-- Action item --
Return exactly the lines of the entries that start at the line containing "The bore this" and continue to the last line. Omit the pictures.

-- Information given --

━━━━━━

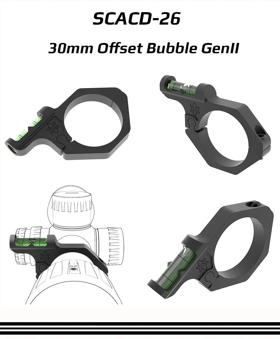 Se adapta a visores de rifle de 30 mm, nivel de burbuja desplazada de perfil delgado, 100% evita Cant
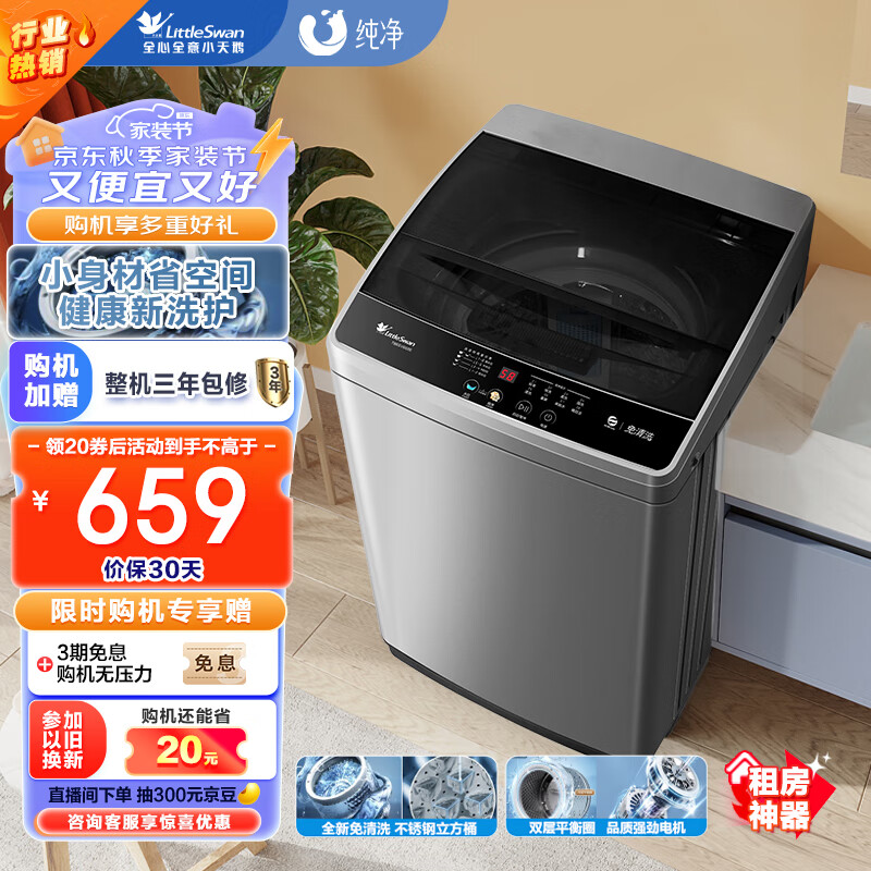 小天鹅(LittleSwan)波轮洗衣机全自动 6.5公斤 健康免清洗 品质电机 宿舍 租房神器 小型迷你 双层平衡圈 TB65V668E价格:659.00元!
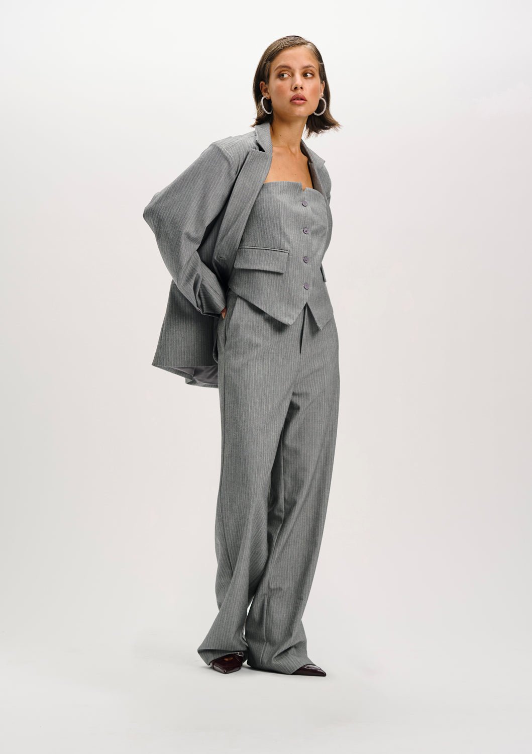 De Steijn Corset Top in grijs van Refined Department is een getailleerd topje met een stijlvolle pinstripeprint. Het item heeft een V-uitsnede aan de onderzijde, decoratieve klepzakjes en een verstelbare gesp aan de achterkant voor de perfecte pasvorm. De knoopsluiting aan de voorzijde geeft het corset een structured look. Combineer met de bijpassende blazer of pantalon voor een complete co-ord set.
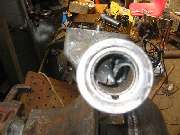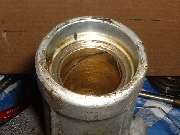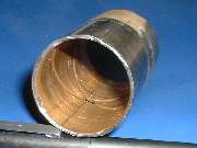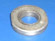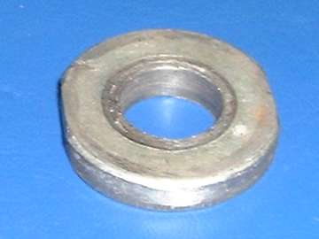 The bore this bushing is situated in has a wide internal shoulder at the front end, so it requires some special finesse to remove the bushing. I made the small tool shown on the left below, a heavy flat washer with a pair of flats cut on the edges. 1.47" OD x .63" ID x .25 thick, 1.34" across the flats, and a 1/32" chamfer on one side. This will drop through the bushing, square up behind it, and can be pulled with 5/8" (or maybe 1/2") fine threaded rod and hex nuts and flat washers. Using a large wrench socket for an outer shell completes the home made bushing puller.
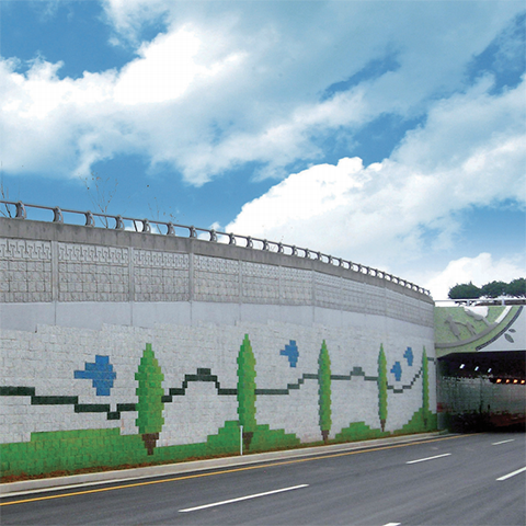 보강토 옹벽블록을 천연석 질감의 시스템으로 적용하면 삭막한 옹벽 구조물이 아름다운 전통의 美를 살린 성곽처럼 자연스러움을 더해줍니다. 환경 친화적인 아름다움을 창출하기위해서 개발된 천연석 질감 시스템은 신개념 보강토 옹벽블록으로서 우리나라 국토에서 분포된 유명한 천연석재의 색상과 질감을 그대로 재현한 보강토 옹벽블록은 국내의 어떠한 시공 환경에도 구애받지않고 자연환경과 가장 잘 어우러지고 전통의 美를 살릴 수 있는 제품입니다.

━━━━━━

-- Response to the task --
 The bore this bushing is situated in has a wide internal shoulder at the front end, so it requires some special finesse to remove the bushing. I made the small tool shown on the left below, a heavy flat washer with a pair of flats cut on the edges. 1.47" OD x .63" ID x .25 thick, 1.34" across the flats, and a 1/32" chamfer on one side. This will drop through the bushing, square up behind it, and can be pulled with 5/8" (or maybe 1/2") fine threaded rod and hex nuts and flat washers. Using a large wrench socket for an outer shell completes the home made bushing puller.
 보강토 옹벽블록을 천연석 질감의 시스템으로 적용하면 삭막한 옹벽 구조물이 아름다운 전통의 美를 살린 성곽처럼 자연스러움을 더해줍니다. 환경 친화적인 아름다움을 창출하기위해서 개발된 천연석 질감 시스템은 신개념 보강토 옹벽블록으로서 우리나라 국토에서 분포된 유명한 천연석재의 색상과 질감을 그대로 재현한 보강토 옹벽블록은 국내의 어떠한 시공 환경에도 구애받지않고 자연환경과 가장 잘 어우러지고 전통의 美를 살릴 수 있는 제품입니다.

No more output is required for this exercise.